The involute is defined as the path of a point on a straight line which rolls without slip along the circumference of a cylinder. The involute curve will be required in a later chapter for the construction of gear teeth.
1 Draw the given base circle and divide it into, say, 12 equal divisions as shown in Fig. 10.8. Generally only the first part of the involute is required, so the given diagram shows a method using half of the length of the circumference.
3 From point 6, mark off a length equal to half the length of the circumference.

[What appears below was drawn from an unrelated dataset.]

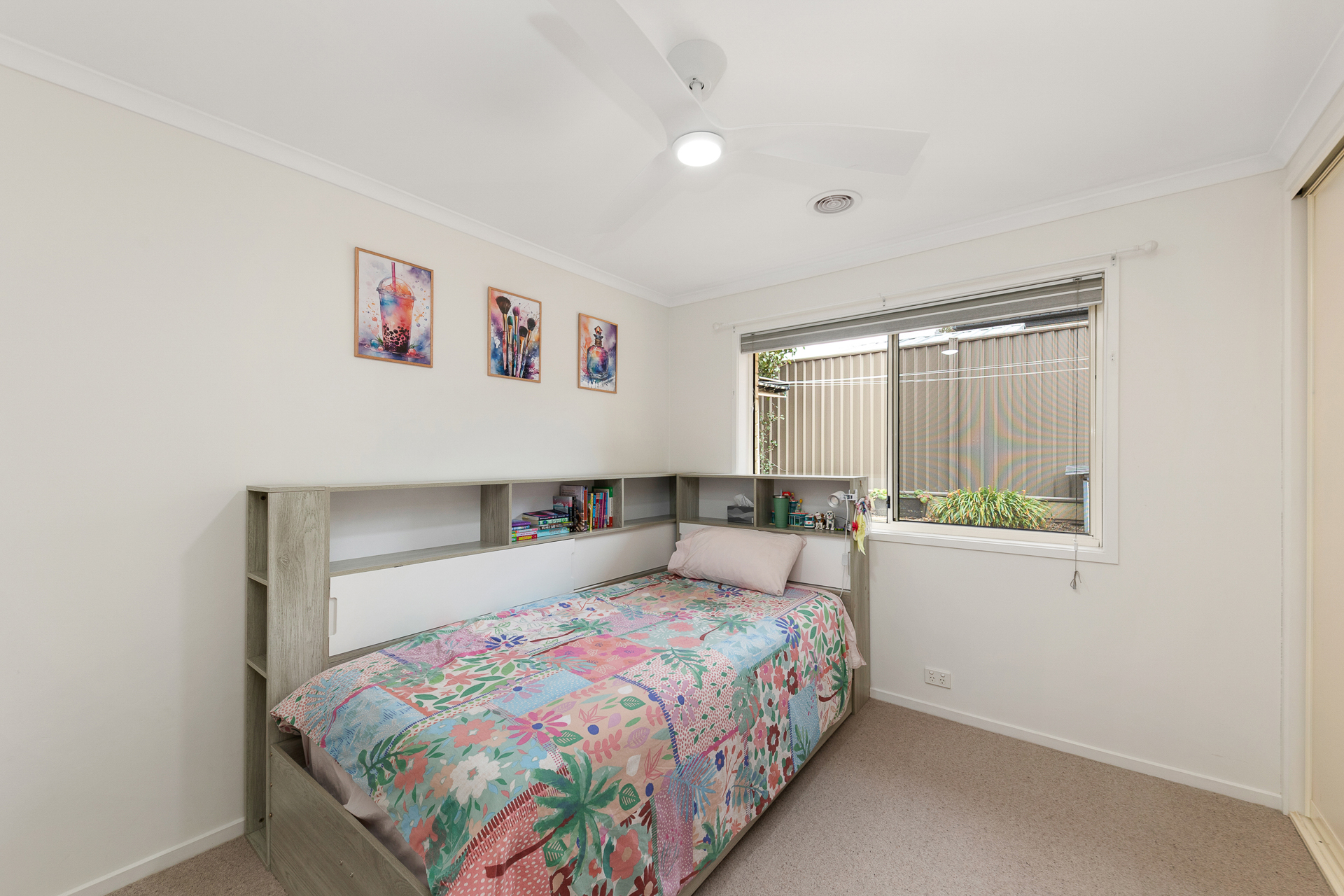 Built-in wardrobes, fans and blockout blinds in bedrooms

4 Divide line 6G into six equal parts.
5 From point 1, mark point B such that 1B is equal to one part of line 6G.
6 From point 2, mark point C such that 2C is equal to two parts of line 6G.
Repeat the above procedure from points 3, 4 and 5, increasing the lengths along the tangents as before by one part of line 6G.
7 Join points A to G, to give the required involute.
Alternative method
1 As above, draw the given base circle, divide into, say, 12 equal divisions, and draw the tangents from points 1 to 6.
2 From point 1 and with radius equal to the chordal length from point 1 to point A, draw an arc
terminating at the tangent from point 1 at point B.
3 Repeat the above procedure from point 2 with radius 2B terminating at point C.
4 Repeat the above instructions to obtain points D, E, F and G, and join points A to G to give the required involute.
The alternative method given is an approximate method, but is reasonably accurate provided that the arc length is short; the difference in length between the arc and the chord introduces only a minimal error.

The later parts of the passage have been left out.